2009 Trading Conditions Survey
Highlights
- Strong euro impacting on stock costs and squeezes margins.
- Banking costs affecting many local businesses. Lending conditions remain tight.
- High business costs and competition from Spain have the biggest impact on local businesses.
- Members returning completed questionnaires employed more than 2,500 people or around 1/6 of the private sector workforce in Gibraltar.
- 30 per cent response rate (83 completed questionnaires returned).
Employment levels
One quarter of respondents said that they had increased the number of employees in the previous 12 months. These were in the non-banking parts of the finance sector mainly insurance and “Other Financial” categories. This was counterbalanced by a similar number of respondents who said that they had reduced the number of employees in the same period, predominantly in the construction, gaming and banking sectors, although a number of retailers had also reduced staff levels. The remaining 50 per cent of respondents said that there had been no change to staffing levels during the period.
One poignant question asked of respondents was whether in the light of the global recession, employers were expecting to make redundancies in the year ahead. Just 10 per cent of respondents said that they expected to make job cuts, but a further third (36 per cent) said that they were unsure if job cuts would be necessary. A certain degree of reassurance was given by more than half of respondents (54 per cent) who responded that they had no plans to make job cuts in the year ahead.
Business Performance
Around half of those responding said that they had seen an increase in sales compared with the previous year. Just under a third of respondents (31 per cent) said that they had seen a fall in sales whilst a fifth (20 per cent) said that their sales had been flat compared with the previous year.
Of those who had seen increases, wholesaling, legal, insurance, other finance, and the port and shipping sectors all reported healthy double digit increases in sales. The sectors hardest hit were banking, construction and transport which all reported sharp falls compared with the previous year or at best flat sales levels.

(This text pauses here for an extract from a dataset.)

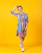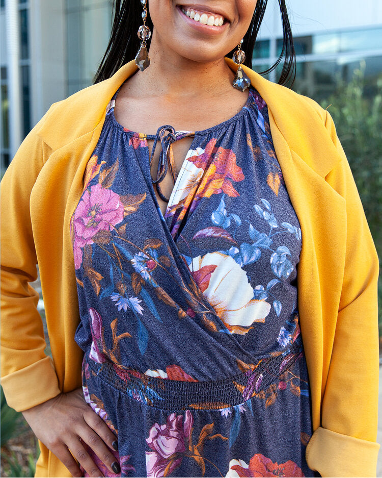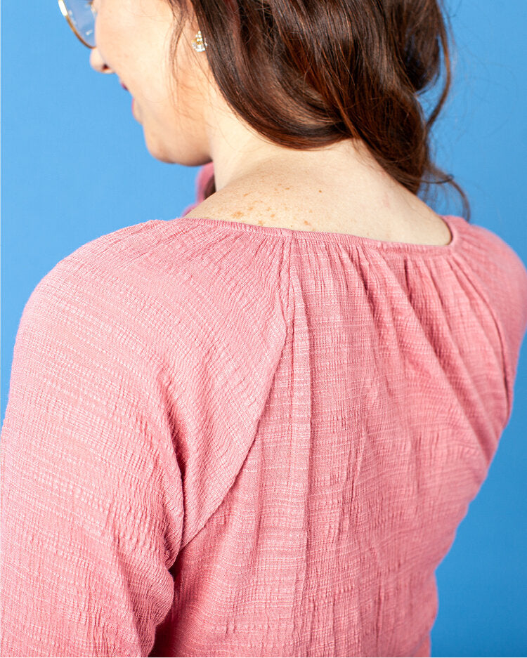 The Details: The Jody long sleeve peasant dress has shirring around the entire neckline, faux wrap detail on her bodice, a drawcord at the neckline, as well as an elastic chain stitch smocking waistband. She has sewn encased elastic around the entire neckline and the sleeve openings. Jody has Raglan sleeves, is a true-to-size fit, with three fabrics: 2x2 Rib 87/13 Poly/Span, TR Jersey 49/45/6 Rayon/Poly/Span, Crinkle Jersey 66/33/1 Poly/Rayon/Span.

The one puzzle in this result is that the increases in sales reported by retailers and particularly wholesalers conflict with the decrease in business reported by transport companies. This could be explained perhaps by the significant increase in volume of transport companies entering Gibraltar to supply goods but not using local transport and customs clearing agents. Should a levy be introduced on such non-local trucking firms and if so who might benefit? The Chamber does not wish to see an increase in business costs just to support a number of small local firms. We would, however, want to encourage people to use local firms where the service level, quality and price are better to that offered by outside firms.
Business Outlook
More worrying perhaps is the expectation of what lies ahead for the business community. Nearly a quarter of respondents (23 per cent) expect the next year to be better than the previous year. However, 40 per cent of those responding expect the outlook to deteriorate in the year ahead. A similar amount (37 per cent) expect trading conditions in the year ahead to be the same as last year.
Important issues affecting business
Increased costs and competition are the two issues having the biggest effect on local companies.
Increased business costs were cited by one third of respondents as the most important issue affecting their business. Several commented that the sharp appreciation of the euro against sterling was squeezing margins. Overall half of all respondents said that the fall in the value of sterling had had a negative effect on their businesses with just 20 per cent saying the fall in sterling had had a positive effect.
Competition from other local traders in Gibraltar and also from Spain was the second biggest issue affecting local companies.
When asked what about the impact of the lower corporation tax rate anticipated in 2010, nearly four fifths (78 per cent) responded that it would have a positive impact on their business. Nearly one fifth (19 per cent) said it would have no impact.
That said several respondents gave their positive reply on the condition that additional costs or taxes would not be introduced by the government. Many members asked the question: “How will government balance its books?”
Impact of the recession is having a notable effect on local traders with more than half of respondents (54 per cent) saying the downturn was having a negative impact on their business. Surprisingly, more than a third of respondents (37 per cent) said that the worldwide recession was having no impact on their business. These unaffected businesses were represented across most of the main sectors: wholesale, retail, finance sector, the port and shipping sectors. But it is still relatively early in the downturn and if the 1990s recession is any guidance, Gibraltar began to feel the effects of the downturn two years after it had hit the UK and Spain.
(Note: The survey was conducted in the second quarters of the year so changes in bank lending policies may have been made since then.)
Respondents were asked if the availability and cost of banking facilities had changed noticeably compared to the previous twelve months. Just under one sixth of respondents (14 per cent) said that borrowing rates had increased. Two fifths (41 per cent) said rate has decreased with a slightly higher percentage of respondents (45 per cent) saying rates had not changed. This gives some cause for concern as base rates have fallen to historic lows in the last 12 months but if these respondents are saying that they have not benefitted from reduced borrowing costs then this will be a burden for many local businesses.
This last response concurs with a related web poll run on the Chamber’s website in the first six months of this year. The poll asked respondents whether they had found it more difficult to secure credit facilities in recent months. Just under two thirds of respondents (59 per cent) said that they had found it more difficult, whilst a quarter of those responding (26 per cent) said that they had not found securing credit facilities more difficult.In a subsequent survey question, 42 per cent of respondents said that they had found their bank less willing to lend compared to the previous year, but in contrast more than half of respondents (56 per cent) said that there had been no change in their bank’s willingness to lend compared with twelve months earlier.